▶ _INSTRUCTIONS TO FOLLOW_: In the records below, reproduce exactly the lines from the one containing "在雪球网看到了高杠杆投资银行" through the one containing "Rustic Town Necessaire", both included, and omit the pictures.

▶ _DATA FOR THIS EXERCISE_:
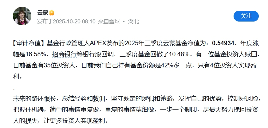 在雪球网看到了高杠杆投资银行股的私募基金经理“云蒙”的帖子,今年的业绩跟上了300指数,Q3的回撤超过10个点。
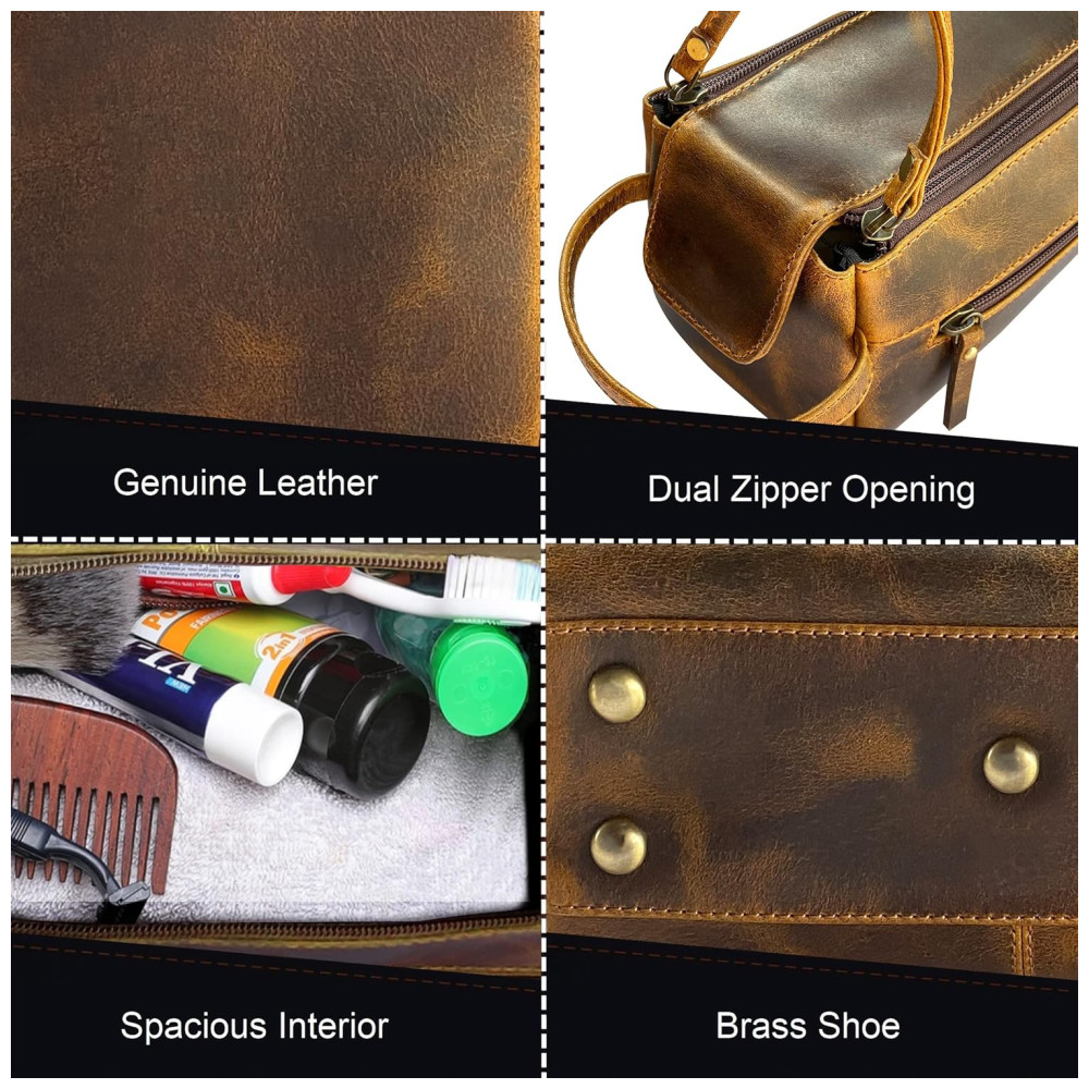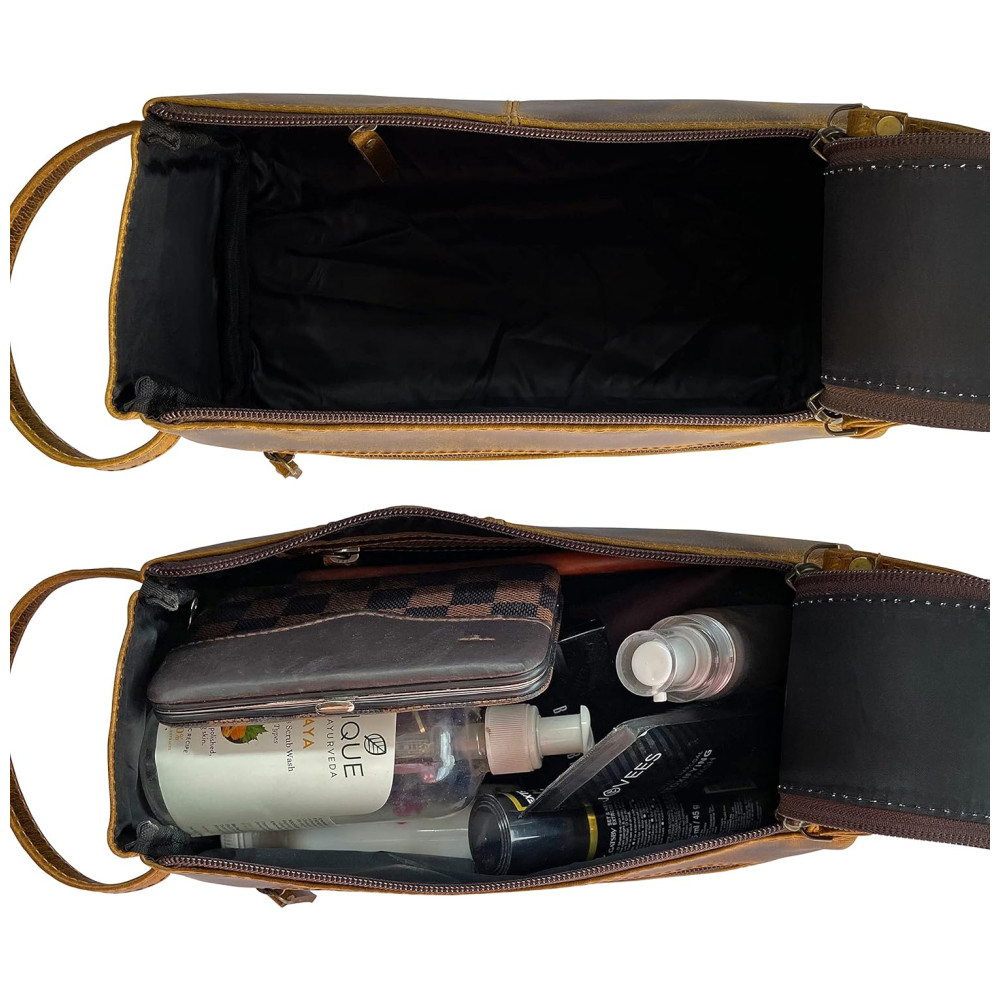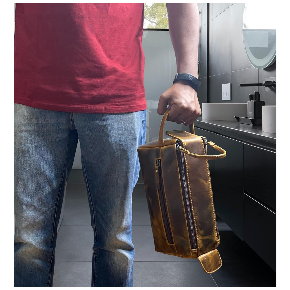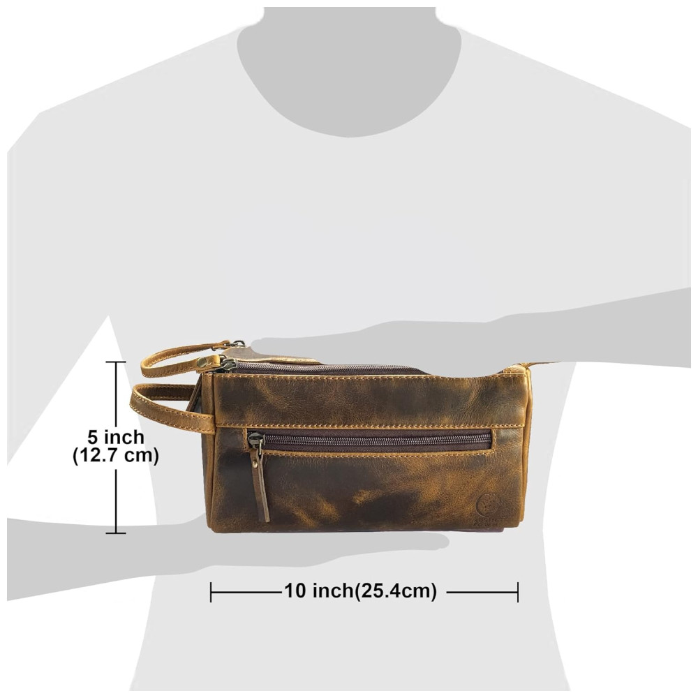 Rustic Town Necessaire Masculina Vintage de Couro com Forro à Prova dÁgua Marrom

--

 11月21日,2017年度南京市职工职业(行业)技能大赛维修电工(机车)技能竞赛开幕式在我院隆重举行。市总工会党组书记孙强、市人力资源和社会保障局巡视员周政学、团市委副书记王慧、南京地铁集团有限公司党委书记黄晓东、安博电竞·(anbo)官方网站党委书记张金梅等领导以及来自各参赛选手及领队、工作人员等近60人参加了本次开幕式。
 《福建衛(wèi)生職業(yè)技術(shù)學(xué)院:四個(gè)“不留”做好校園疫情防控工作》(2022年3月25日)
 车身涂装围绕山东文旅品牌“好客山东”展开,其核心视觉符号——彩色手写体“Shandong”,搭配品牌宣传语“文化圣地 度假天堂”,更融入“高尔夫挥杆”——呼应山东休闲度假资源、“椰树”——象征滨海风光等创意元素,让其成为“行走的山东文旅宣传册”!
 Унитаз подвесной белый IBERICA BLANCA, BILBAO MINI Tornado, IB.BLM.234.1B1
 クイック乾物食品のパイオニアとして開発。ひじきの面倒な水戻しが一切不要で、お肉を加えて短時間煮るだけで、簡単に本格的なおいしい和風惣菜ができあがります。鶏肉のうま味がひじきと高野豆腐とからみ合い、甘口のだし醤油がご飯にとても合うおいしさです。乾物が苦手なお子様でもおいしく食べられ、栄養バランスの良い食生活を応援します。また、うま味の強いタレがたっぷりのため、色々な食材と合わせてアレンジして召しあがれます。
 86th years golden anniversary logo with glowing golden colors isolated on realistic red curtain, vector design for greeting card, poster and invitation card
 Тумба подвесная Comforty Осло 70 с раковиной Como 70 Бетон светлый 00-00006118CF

▶ _TASK RESPONSE_:
 在雪球网看到了高杠杆投资银行股的私募基金经理“云蒙”的帖子,今年的业绩跟上了300指数,Q3的回撤超过10个点。
 Rustic Town Necessaire Masculina Vintage de Couro com Forro à Prova dÁgua Marrom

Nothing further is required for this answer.